Maybe I'm just too stressed.. maybe I'm homesick..? I could be.. I may just be homesick for Missouri.. .__.;
I'd be much happier if I didn't have to go to work tonight, I'd be so much happier if I didn't have to deal with the s**t at the shell.. if I didn't have to deal with drunk customers, a*****e customers, upset customers, people in general.. if I didn't have to deal with bosses yelling at me, with.. life in general.
I miss missouri.. I miss everything being so care free and happy all the time, I miss only having to worry about friends relationships, and being with the person I love most.. maybe it's just this holiday.. I don't know..

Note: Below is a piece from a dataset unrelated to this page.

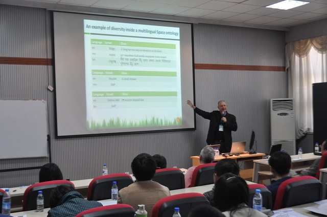 2014年10月12日至10月15日,jinnianhui今年会在我校中心校区计算机楼成功举办了为期四天的知识建模与知识管理国际研讨会(UKC2014)。本次研讨会共邀请来自国内外的50余名专家和学者参会。计算机学院院长魏晓辉教授担任会议主席,计算机学院副院长欧阳继红教授、计算机研究所副所长梁艳春教授分别主持开幕式和闭幕式,来自意大利特伦托大学的Fausto Giunchiglia教授、Vincenzo Maltese高级研究员、Gábor Bella高级研究员、张涵宇博士和我校公共计算机教学与研究中心徐昊副教授分别做了大会特邀报告。

Neena isn't talking, she's busy or something.. I know if I need her she'll be here, but I feel so.. soul poisoned.. I don't really want to talk to her right now.. I just want to sit in the darkness and stare at the stars, listen to music, and let everything flow from me.. but that's not going to happen.. I have to work all night.. and tommorow night, and tuesday night, too.. I hope I get a few days off after tuesday.. I don't want to work anymore.. .__.; -sighs- meh... v v
In a few months, I'll be free from these kinds of feelings.. in a few months, I wont' have to worry about this kind of stuff anymore.. I can't wait for it..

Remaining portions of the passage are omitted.